■ **Material for the task**:
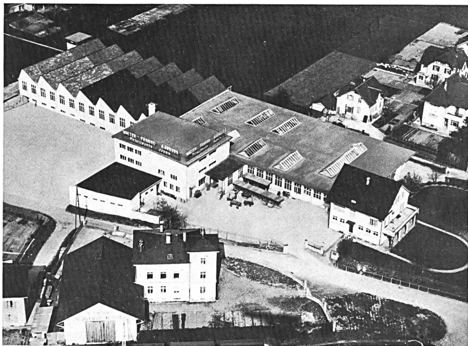
Fabrikareal im Jahre 1947.
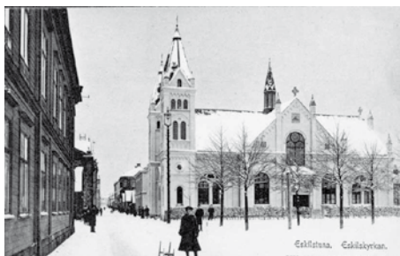
Förra S:t Eskilskyrkan låg i centrum..

Söndagen 31 maj kl 17 är det dax för ALL-SÅNGSKONSERT! Kom och lyssna & sjung tillsammans med kyrkans körer Co-razon, Soul Teens och Pre Soul Children!!
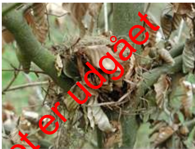
Figur 3. Rede af hasselmus i ungkultur af bøg

Der udfyldes særskilt skema for begge besøg (bilag 6.1).
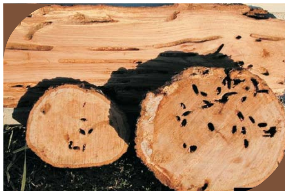
Daños provocados por carcoma grande en roble rojo
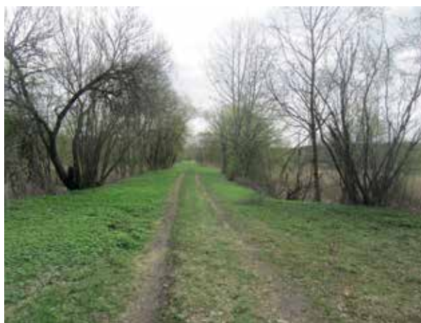
2. Pylimas tarp dviejų kanalų apatinių sodų teritorijoje, 2017
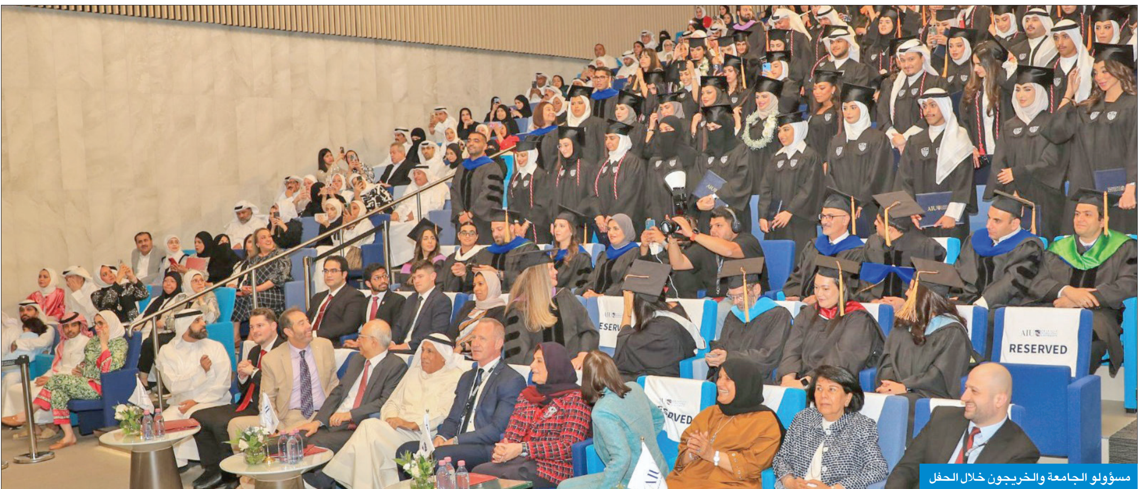
مسؤولو الجامعة والخريجون خلال الحفل
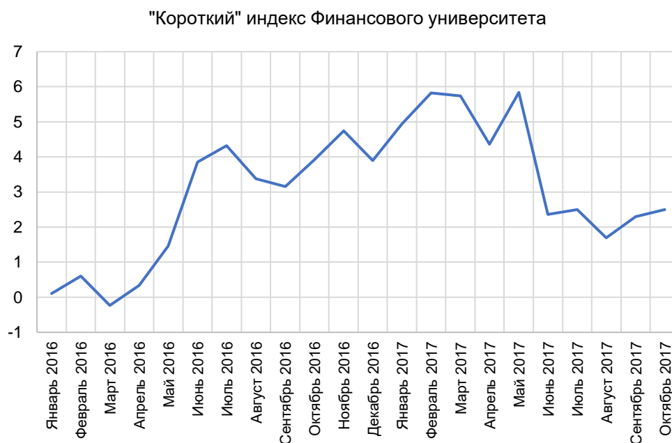
Рисунок 1. «Короткий» индекс Финансового университета при Правительстве РФ в 2016-2017 годах
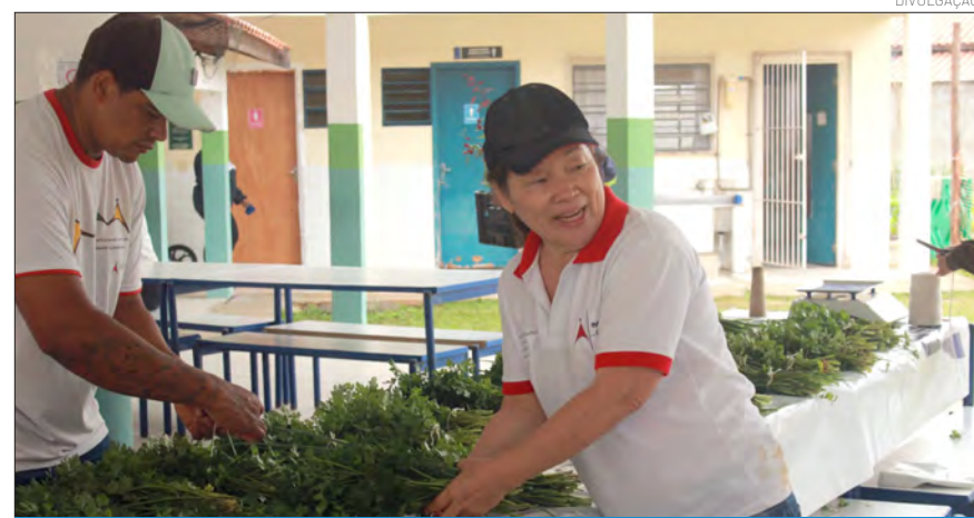
A ação busca a conscientização ambiental dos estudantes

ticipação ativa dos alunos. Algumas crianças relataram inclusive, o desejo de cultivar plantas em suas próprias casa após a experiência vivenciada na escola.
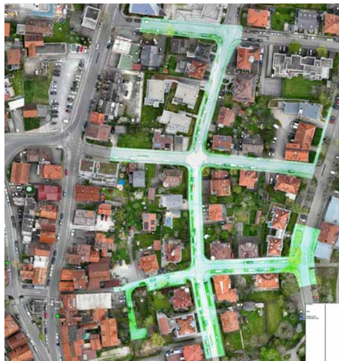
Grafik: Übersichtskarte erstes Ausbaugbiet der UGG um die obere Kaiserstraße

„Ich freue mich, dass wir in Pfullingen nun mit dem Ausbau der Breitbandinfrastruktur beginnen können“, betont Stefan Wörner. „Die Bauarbeiten werden aber für die Anwohner und Verkehrsteilnehmer auch Beeinträchtigungen mit sich bringen, dafür bitten wir um Verständnis“, so der Bürgermeister, der sich glücklich darüber zeigt, dass diese kritische Infrastruktur für eine sichere digitale Zukunft in Pfullingen ohne Komplementärfinanzierung durch die Stadt flächendeckend geschaffen werden kann. „Die OEW baut mithilfe von Fördermitteln aus, die übrigen Gebiete übernimmt die UGG mit eigenwirtschaftlichen Mitteln. Bei einem Gesamtinvestitionsvolumen von grob 100 Millionen Euro steht da also ein mehr als beachtlicher Betrag dahinter, den die Stadt alleine nicht aufbringen könnte“, erläutert Stefan Wörner. Die andernorts übliche Mitfinanzierung durch städtische Mittel kommt im Pfullinger Fall nicht zum Tragen, was dazu führt, dass der Pfullinger Haushalt nicht belastet und andere wichtige Vorhaben davon nicht betroffen sein werden - aus Sicht der Stadt eine besonders günstige Situation.
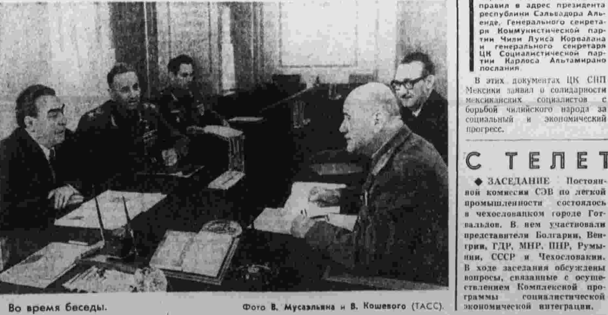
Во время беседы.

В беседе приняли участие министр обороны СССР Маршал Советского Союза А. А. Гречко и вояск АРЕ и СССР И. Кадер.
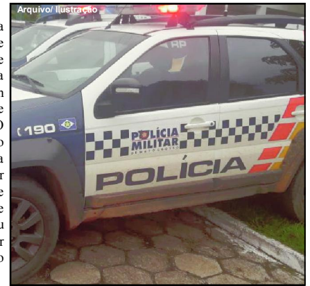
Polícia Militar foi acionada no caso

no início da semana até a casa onde a menor estava, pegaram todos os pertences dela e, com um carro da prefeitura de Alta Floresta, se deslocavam para Apicás. “Mas enquanto motorista estava no posto pagando o abastecimento, ela fugiu de novo e voltou para ele. Ela diz que ama ele, mas a relação deles não dá certo e quero muito levar minha filha de volta”, disse a mãe que fez um apelo pela TV para ter a filha de volta.
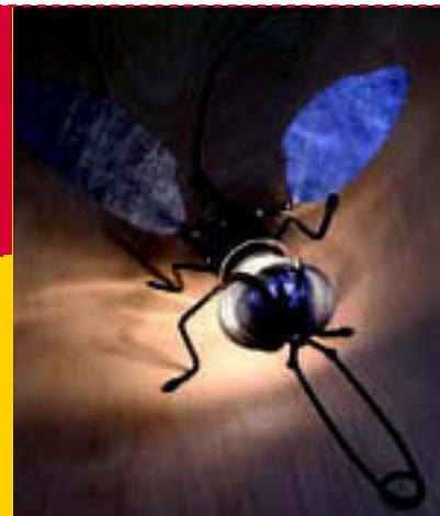
Lys med kreativ humor. Øynene og "snuten" på Mademoiselle Filou er en tesil.
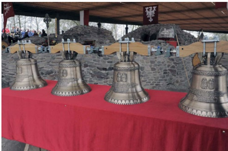
Ryc. 17. Repliki dzwonu Mieszko i Dobrawa przy kaplicy baptyzmalnej na Ostrowie Lednickim w czasie uroczystości 14 kwietnia 2016 roku
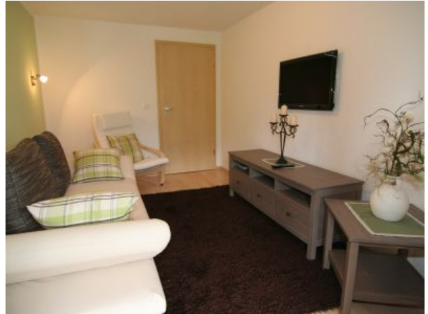
Wohnzimmer mit Flachbildschirm
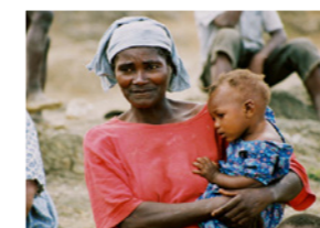
17. Portrait mère et enfant (Haïti)
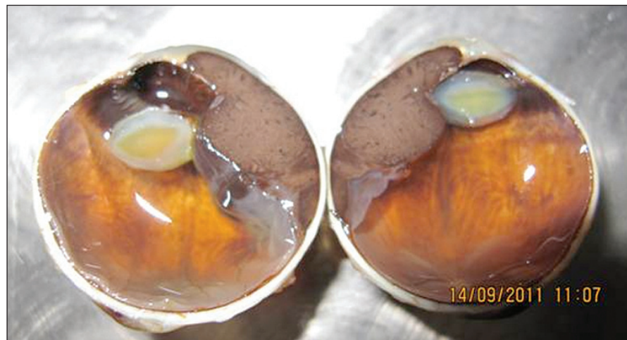
Obr. 1. Malígný melanóm corpus ciliare v štádiu T3N0M0 so sublúxiou šošovky a pre-rastaním do prednej očnej komory

Okrem veľkosti ovplyvňuje prognózu aj tvar nádoru (obr. 1). Za agresívnejšie sa považujú difúzne formy rastu MMU, a v prípade MM dúhovky a corpus ciliare tiež prstencový rast nádoru.
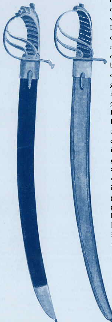
Afb. 2. Infanteriesabel M.1809 ("Stralsundsabel")
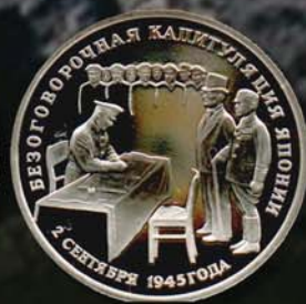
3 рубля 1995 г. Посвящены безоговорочной капитуляции Японии. Россия, Си-Ни.
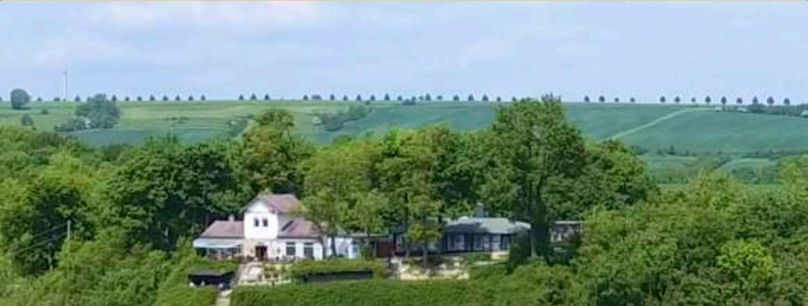
Himmelreich Bad Kösen
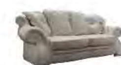
KIARA immagini p 49
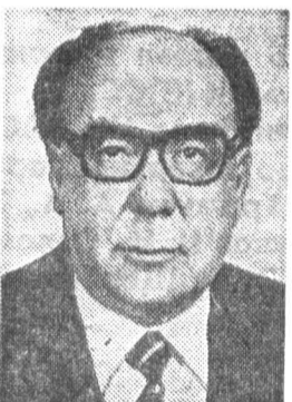
А. Н. ЯКОВЛЕВ, секретарь ЦК КПСС
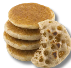
Miniclătite cu topping 8 buc
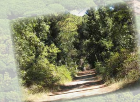
La pineta, ideale per mantenersi in forma (0,00 km) The pinewood, ideal for jogging
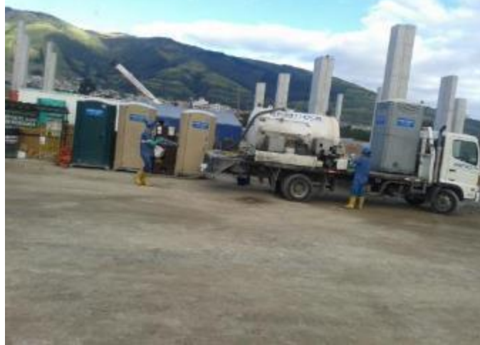
Limpieza de baños químicos por gestor con licencia ambiental
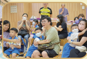
家長和學生一起參加 福音活動
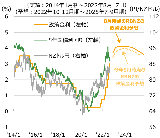
※政策金利は決定日ベース ※NZドル円は2022年8月16日まで
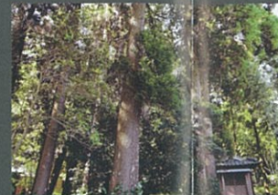
鎮守の社 有馬 誠治
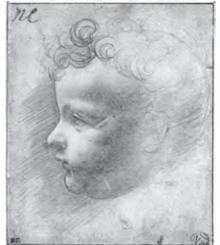
Voici une Etude pour l'Enfant Jésus conservée au Louvre...

rochers et les amateurs ont pu se rendre compte à quel point la beauté ne doit rien au hasard. Au milieu de dizaines d'esquisses ou d'«études», comme disent les historiens de l'art, prêtées par sa Majesté la Reine, trônaient ainsi, l'un en face de l'autre, deux des plus grands chefs-d'œuvre de l'humanité.
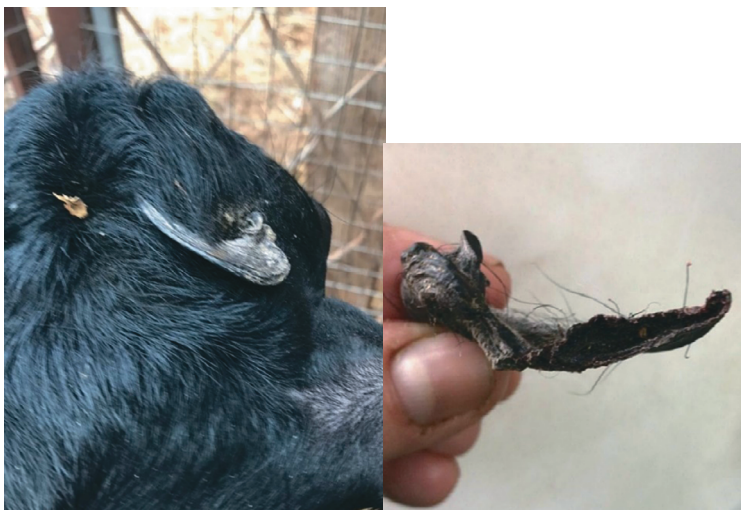
Рис. 3. Рост осколков роговой ткани после декорнуации

У 10% козлят, обезроженных методом коагуляции без удаления роговых зачатков, был зафиксирован рост осколков. Осколки представляли собой сильно ороговевшее образование, неправильной формы, напоминающее рог (рис. 3).
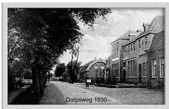
Afb. 1. De Rijksstraatweg waar nu het station ligt.
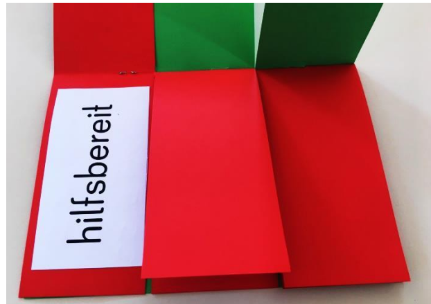
Klappbuch linkes Drittel zu Martin von Tours: Dritte Seite: Wort aus dem Wortfeld Barmherzigkeit
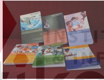
Cetak buku panduan
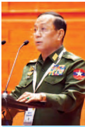
ဒုတိယဗိုလ်ချုပ်ကြီးရဲအောင်

နိုင်ငံ၏ ပြဿနာအရပ်ရပ်ကို ဖြေရှင်းရန် အားလုံးလိုလားကြသော်လည်း ပြဿနာအပေါ်တွင် ရှုမြင်သည့်အမြင်များသည် ကွဲပြားခြားနားမှု ရှိတတ်ကြပါကြောင်း၊ ပြဿနာ၏အဖြေကို ချဉ်းကပ်သည့်လမ်းကြောင်းလည်း မတူညီကြပါကြောင်း၊ နိုင်ငံ၏အရေးပါသည့် Institutions များ၏ အတွေးအခေါ် တည်ဆောက်မှုများ မတူညီကြပါကြောင်း၊ ပထဝီအရကွဲပြားနေကြသကဲ့သို့ တိုင်းရင်းသားလူမျိုးများ၏ သမိုင်းနောက်ခံများနှင့် ရုန်းကန်မှုများ
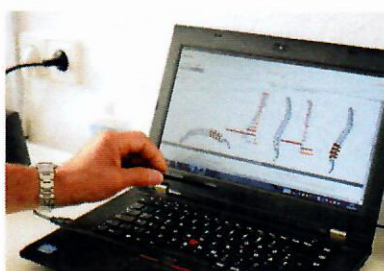
Visuele voorstelling van afwijkingen in uw rug
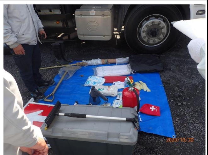
輸送車両の携行品確認
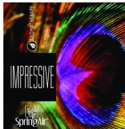
Náplň do velkoprostorového osvěžovače Spring Air (CryptoScent) - IMPRESSIVE (1000ml)
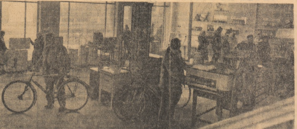
Interiorul Complexului comercial din comuna Topolovău Mare, raionul Lugoj
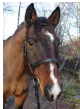
Stockmossens Ferrano "Ferrano", född 2000, till Sleipner 2008, valack, korsning connemara/halvblod. Stark och stabil med bekväma gångarter. Med sin raka kropp är han även en hejare på snabba svängar.
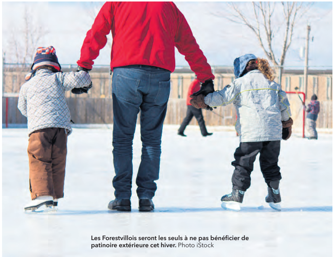
Les Forestvillois seront les seuls à ne pas bénéficier de patinoire extérieure cet hiver.

La communauté innue d'Essipit propose également une patinoire extérieure durant l'hiver. Cette dernière est entretenue par un employé de la Première Nation et elle ouvrira ses portes dès que les conditions météorologiques seront favorables à la fabrication de la surface glacée.

■ **Assignment**: Scan the data for the word "ciliare" and copy every line where it shows up.

■ **Answer to the problem**:
Obr. 1. Malígný melanóm corpus ciliare v štádiu T3N0M0 so sublúxiou šošovky a pre-rastaním do prednej očnej komory
Okrem veľkosti ovplyvňuje prognózu aj tvar nádoru (obr. 1). Za agresívnejšie sa považujú difúzne formy rastu MMU, a v prípade MM dúhovky a corpus ciliare tiež prstencový rast nádoru.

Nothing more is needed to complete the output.